Duke will comply with the American Cancer Society’s request for repayment of a grant that funded the work of former Duke cancer researcher Dr. Anil Potti.
The University will repay approximately $437,400 of the $729,000 ACS grant awarded in 2007, Dr. Michael Cuffe, Duke University Health System vice president for medical affairs, confirmed in a statement Monday. The remainder of the grant award had not yet been spent and will be retained by the organization. Officials from ACS could not be reached for comment Monday.
ACS suspended payments on the grant this summer after questions arose concerning Potti’s resume. Duke officials, led by Provost Peter Lange, conducted a review of Potti’s credentials and announced in August that they had identified “issues of substantial concern.” Cuffe’s statement noted that the termination of the grant was “a decision ACS made based on the issues with Dr. Potti’s curriculum vitae used in the award application.”
“As I understand it, [the ACS’s] concern was that the original award of the grant was based on a false pretense—that is [that] he was a Rhodes Scholar—and they focused particularly on that issue,” said Huntington Willard, director of Duke’s Institute for Genome Sciences and Policy.
Potti resigned from his positions at IGSP and the School of Medicine Nov. 19. That day, Willard noted in an e-mail to IGSP staff that Potti accepted full responsibility for “anomalies in data handling, analysis and management.” Attention to these scientific discrepancies intensified in July when falsifications in Potti’s resume, particularly his claim to be a Rhodes Scholar, were identified.

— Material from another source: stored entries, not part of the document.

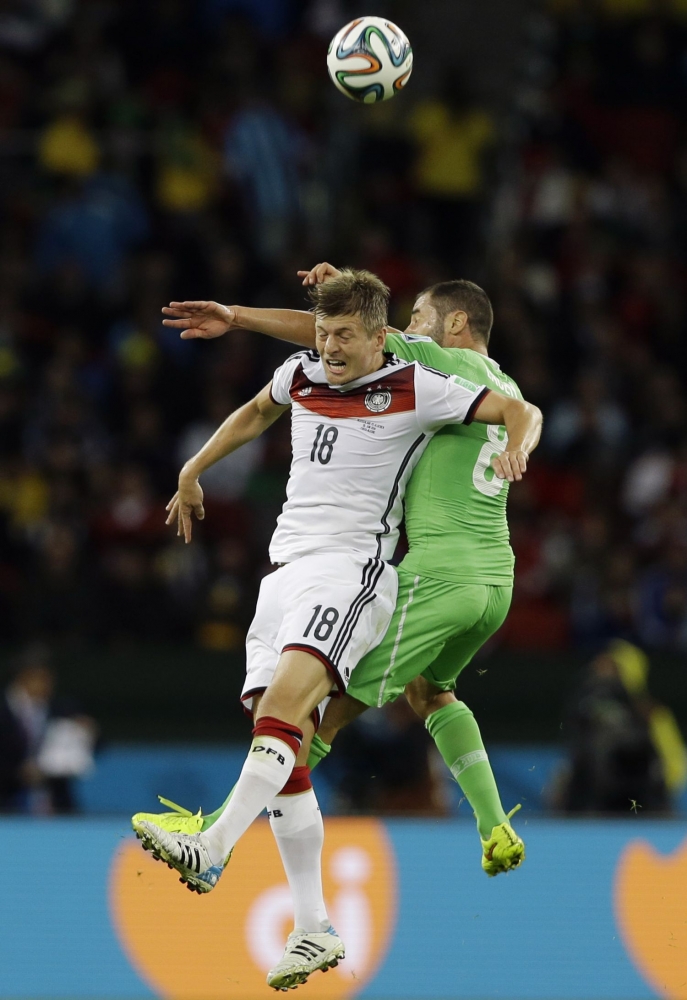 Alžírčan Medhi Lacen v súboji s nemeckým futbalistom Tonim Kroosom počas pondelňajšieho osemfinálového zápasu na svetovom šampionáte v Brazílii. Foto: SITA/AP
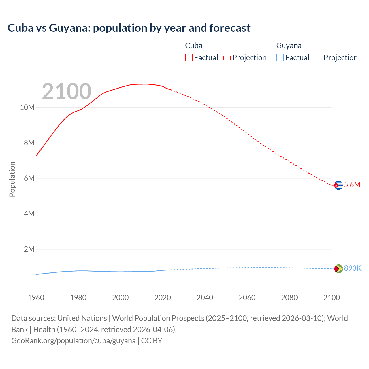 Cuba vs Guyana: population by year and forecast
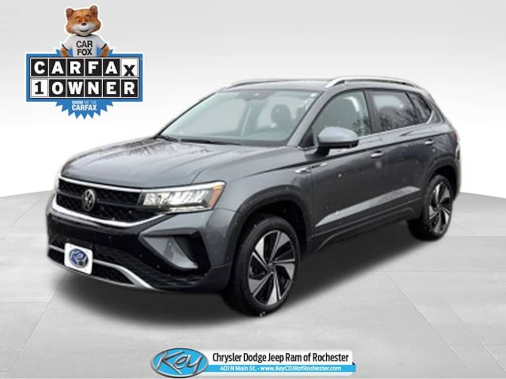 Key Chrysler Dodge Jeep Ram of Rochester is proud to present you with another True Market Priced Pre-Owned Vehicle. Transparent Pricing Of $ 21549 !! This 2024 Volkswagen Taos 1.5T SE is loaded with the following Factory Options: 4-Wheel Disc Brakes, 5.20 Axle Ratio, 6 Speakers, ABS brakes, Active Blind Spot Monitor, Air Conditioning, Alloy wheels, AM/FM radio: SiriusXM with 360L, Auto High-beam Headlights, Automatic temperature control, Brake assist, Bumpers: body-color, CloudTex & Cloth Seating Surfaces, Compass, Delay-off headlights, Driver door bin, Driver vanity mirror, Dual front impact airbags, Dual front side impact airbags, Electronic Stability Control, Emergency communication system: VW Car-Net Safe & Secure 5-year, Exterior Parking Camera Rear, Four wheel independent suspension, Front anti-roll bar, Front Bucket Seats, Front Center Armrest, Front dual zone A/C, Front reading lights, Front Strut Rear Multi-Link Suspension, Fully automatic headlights, Heated door mirrors, Heated Front Bucket Seats, Heated front seats, Heated steering wheel, Illuminated entry, Leather Shift Knob, Low tire pressure warning, Occupant sensing airbag, Outside temperature display, Overhead airbag, Overhead console, Panic alarm, Passenger door bin, Passenger vanity mirror, Power door mirrors, Power driver seat, Power steering, Power windows, Radio data system, Radio: MIB3 Composition Media AM/FM/HD, Rain sensing wipers, Rear anti-roll bar, Rear seat center armrest, Rear window defroster, Rear window wiper, Remote keyless entry, Security system, Speed control, Speed-sensing steering, Split folding rear seat, Spoiler, Steering wheel mounted audio controls, Tachometer, Telescoping steering wheel, Tilt steering wheel, Traction control, Trip computer, Variably intermittent wipers, and Wheels: 18" 2-Tone Machined Alloy!!

Dr. Otis Brawley, chief medical officer of ACS, told The Chronicle in November that the organization had requested information from Duke concerning its review of the scientist’s credentials. He noted that the school would not be precluded from future funding if it resolved issues surrounding Potti’s work.
Cuffe said Duke is intent on preserving a favorable relationship with the organization.
“Duke has had a long-standing and positive relationship with the [ACS], and we fully understand their position regarding the termination of the grant to Dr. Potti,” he said. “We look forward to our continued relationship with ACS as research partners.”
Willard, too, noted the importance of “maintaining a high level [of] trust” with ACS. Willard said the ACS grant termination will only affect Potti and that “the damage is contained to just that group.”
“[Potti] was the only investigator on this particular grant, and the work that was proposed just involved himself and his laboratory,” he said.